Has War Declined Through Human History?
Vortrag von Prof. Michael Mann (University of California, Los Angeles) innerhalb der Ringvorlesung des Exzellenzclusters „Die Herausbildung normativer Ordnungen“: „The End of Pacification? The Transformation of Political Violence in the 21st Century“ am 11.10.2018
For over 150 years liberal optimism has dominated theories of war. It has been repeatedly argued that war either is declining or will shortly decline. There have been exceptions, especially in Germany and more generally in the first half of the twentieth century, but there has been a recent revival of such optimism, especially in the work of Azar Gat, John Mueller, Joshua Goldstein, and Steven Pinker who all perceive a long-term decline in war through history, speeding up in the post-1945 period. Critiquing Pinker’s statistics on war fatalities, I show that the overall pattern is not a decline in war, but substantial variation between periods and places.

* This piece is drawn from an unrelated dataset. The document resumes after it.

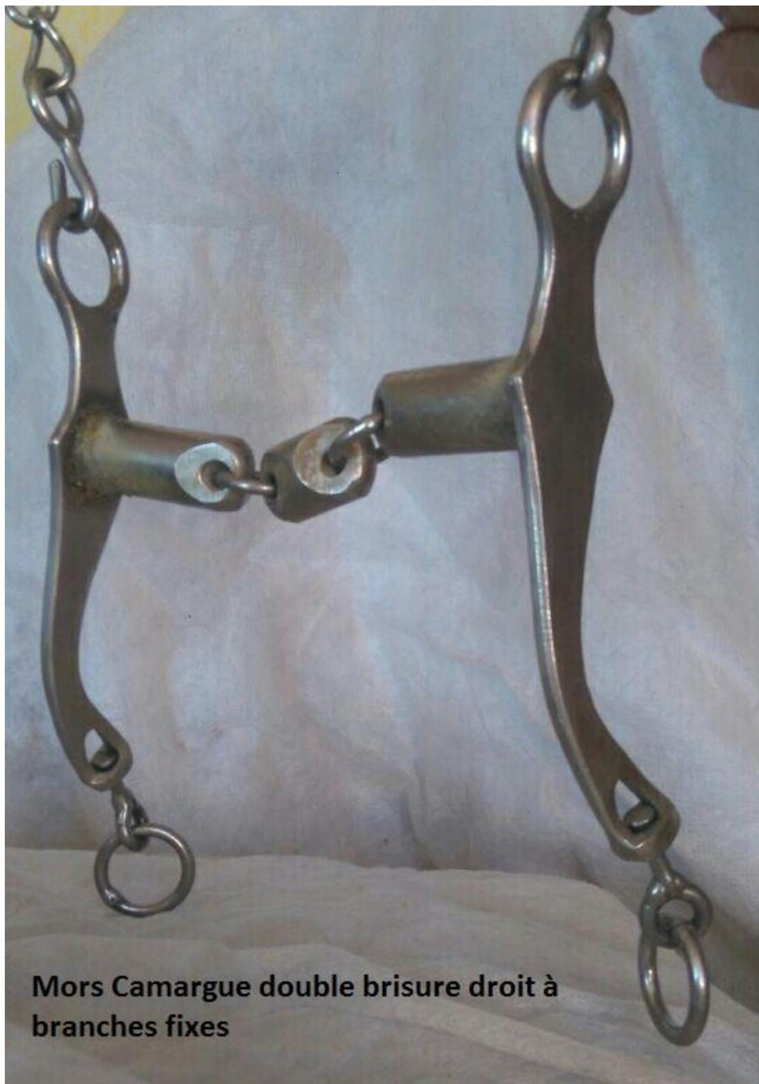
Mors Camargue double brisure droit à branches fixes

War has not declined and current trends are slightly in the opposite direction. Civil wars in the global South have largely replaced inter-state wars in the North, but there is also Northern involvement in most of them. War for the North is now less “ferocious” than “callous”, which renders war less visible and less central to Northern culture, which has the deceptive appearance of pacifism. Viewed from the South the view has been bleaker both in the colonial period and today. Globally war is not declining, but it is being transformed.